Since the Argentine peso was rigidly “dollarized,” the flight of dollars from the economy further restricted domestic demand, reduced tax receipts and made it impossible for the government and the private sector to meet their obligations. Currently, Argentina owes about $220 billion, including private ($62 billion), Federal ($132 billion) and provincial debt ($27 billion). For the foreseeable future, an increasing portion of pensions and salaries will be paid in Federal bonds.

As money becomes scarcer, everyday transactions become impossible. For example the nation’s Pharmaceutical Federation (COFA) announced last week that stocks of many medicines are being depleted because wholesalers are refusing to make deliveries unless paid in dollars.

The restrictions on the banks and last week’s decision to default on debt payments cut Argentina off from the world market. Given the complexity of global trade, no modern economy can function without credit for long without suffering disastrous consequences. Under current conditions, Argentina will soon run out of essential supplies for its industries.

Exporters to Argentina now require the advance payment of dollars that can only be obtained on a parallel black market at a deep discount.

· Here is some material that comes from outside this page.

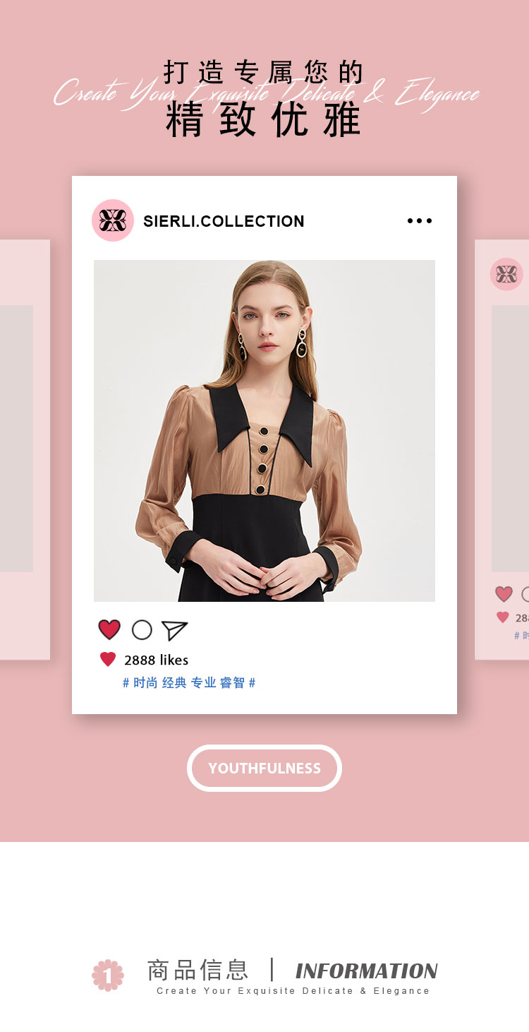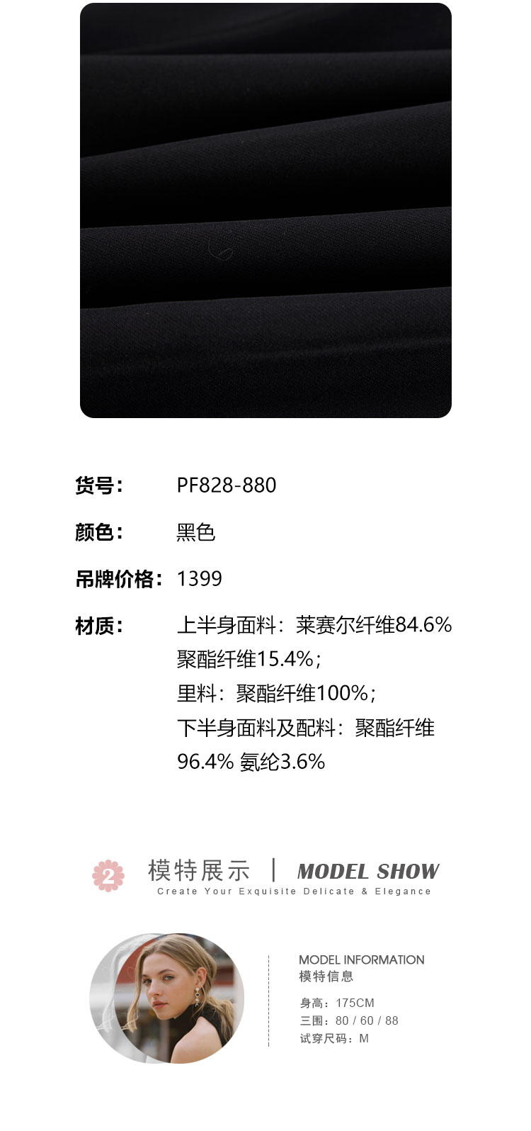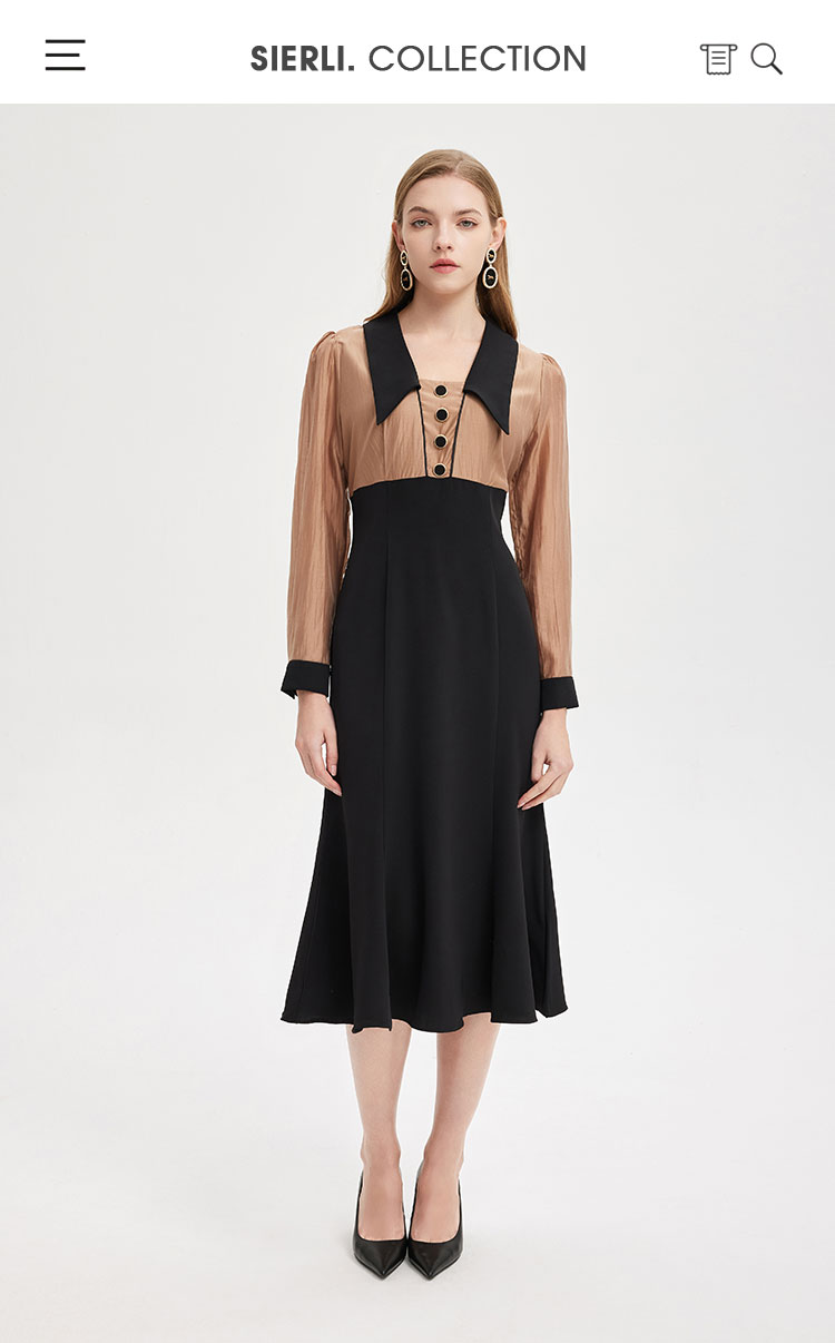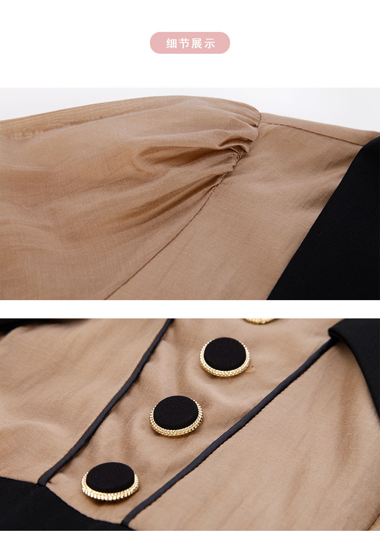 PF828斯尔丽24新款撞色尖领办公室白领气质优雅连衣裙

In the case of the highly competitive cereal market, there are fears that exporters will lose market share to their international competitors, particularly in the international market for wheat and soybeans.

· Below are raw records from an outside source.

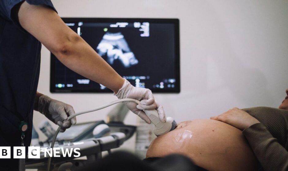 Getty Images Stock shot of a pregnant woman being given an ultrasound scan. You can see the lady's pregnant belly and a scanning tool being operated by a medical practitioner wearing gloves. Behind is an out-of-focus image of the baby appearing on screen.Getty Images
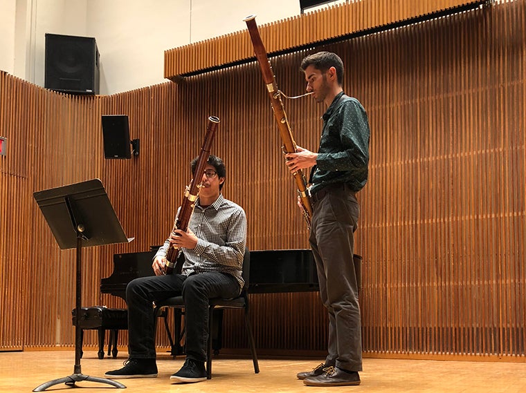 Weekly studio classes and regular master classes for the bassoon studio involve mock orchestral auditions, reinforcement of fundamentals, chamber music performances, solo recital performances, guest master classes, and many other types of performance opportunities. We encourage students to support their colleagues with positive and constructive feedback. Oberlin cultivates a learning environment in which students are open to making mistakes without consequence in larger public performances.
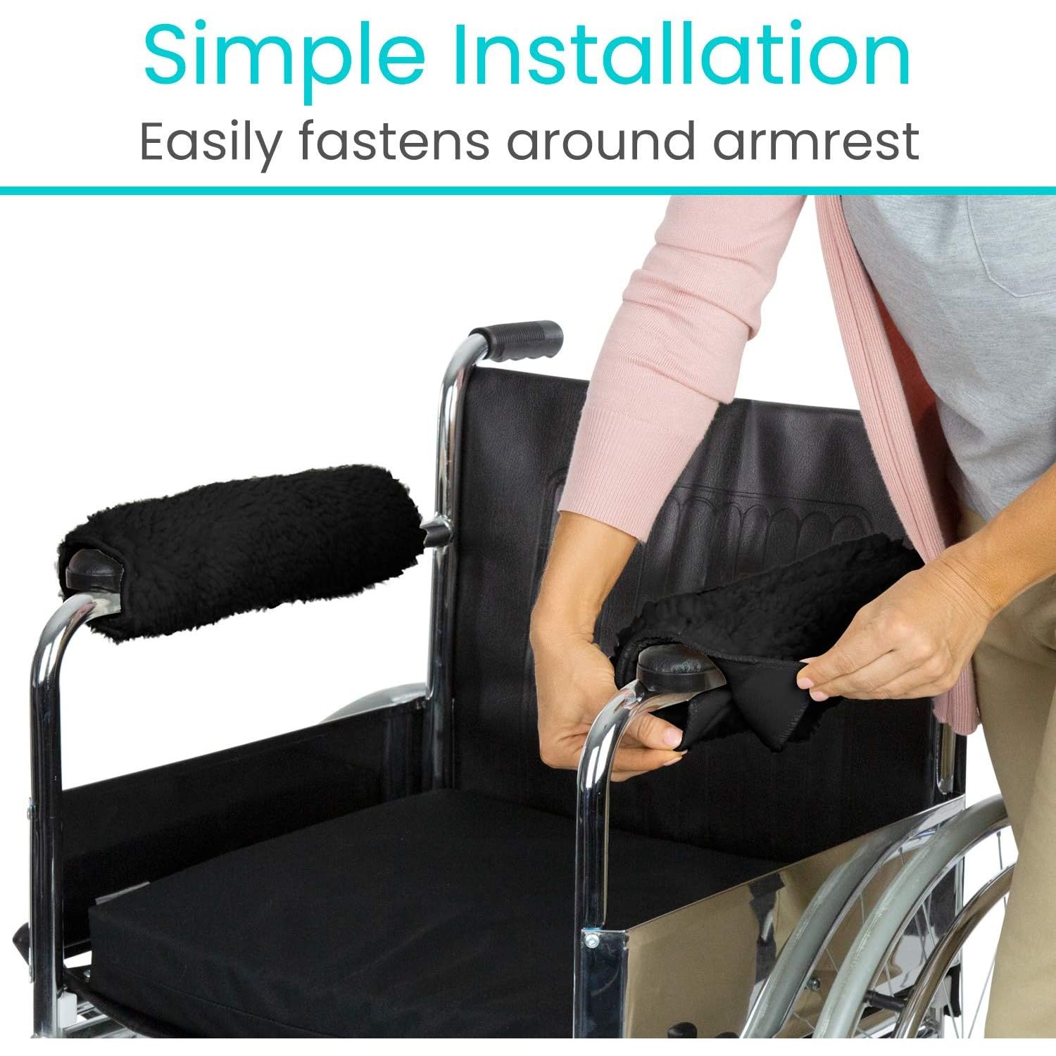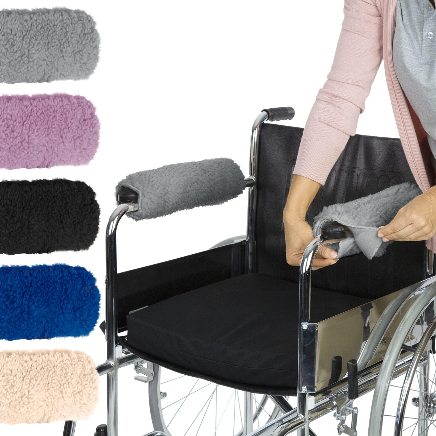 - Vive Wheelchair Armrest Covers (Pair) - Memory Foam Sheepskin Accessories Pads for Transport Electric Wheel Chair Arm Rests - for Adults, Seniors, Handicapped - Soft Support Cushion for Mobility Aids
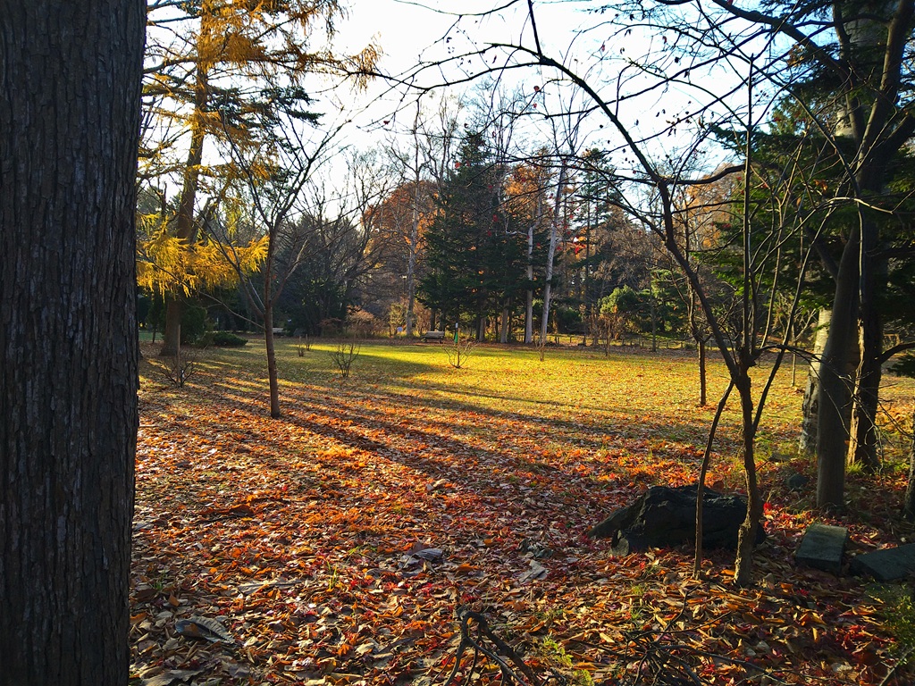 周りの木々の葉が落ちて、芝生をキャンパスに絵を描いたようです。

Many of Argentina’s fruits are exported on consignment and stored in gigantic refrigerated warehouses in the Dutch port of Rotterdam. From there they are sold over a period of time, giving exporters the flexibility to respond quickly to favorable prices. Under present conditions, the warehouses cannot be restocked.

The situation is even more severe for exports of capital goods, such as a recently sold nuclear plant to Australia. Those goods are typically financed through complex long-term financial arrangements that have been made impossible by the controls on financial flows.

While Duhalde has promised policies to protect Argentine industries and require firms laying off employees to boost compensation, it is maintaining the “zero deficit” policy of its predecessor and has pledged to resume interest payments on the foreign debt once its economic emergency measures are in place.

The impact of the financial implosion is beginning to be felt in Brazil, Chile and in Spain, countries with close economic ties to Argentina. Spanish banks and companies with large investments in Argentina saw their share prices plummet on the Madrid stock exchange in the aftermath of the devaluation. Duhalde’s proposal that debts incurred in dollars (up to $100,000) will be transformed into pesos, and that utility bills cannot be increased to compensate for the devaluation has raised the prospect of a banking collapse and severe losses for foreign companies that bought up privatized companies.

Spanish capital is by far the largest foreign investor in Argentina, pouring a total of $41 billion into the country to take over formerly state-owned telephone, oil, gas and electrical companies.

Between the hammer blows of last week’s social protests and the IMF’s intransigent demands for further spending cuts, the ruling elite agreed on this “government of national salvation,” with the knowledge and consent of the Bush Administration. Duhalde’s appointment was favorably received in Wall Street; the price of Argentine bonds increased and the Argentine stock index, the Merval, rose in the aftermath of his installation.

Nonetheless, the Bush administration has signaled that it has no intention of proposing a new plan to bail out Argentina. The abandonment of what was once Washington’s closest ally on the continent increases the prospects of the crisis and defaults on debts spreading to other Latin American countries.

Meanwhile, with the further reduction in the already depressed incomes of the masses of the Argentine working and middle classes, and a government of discredited politicians in charge, a deepening of the social clashes that have rocked the country in recent weeks is inevitable.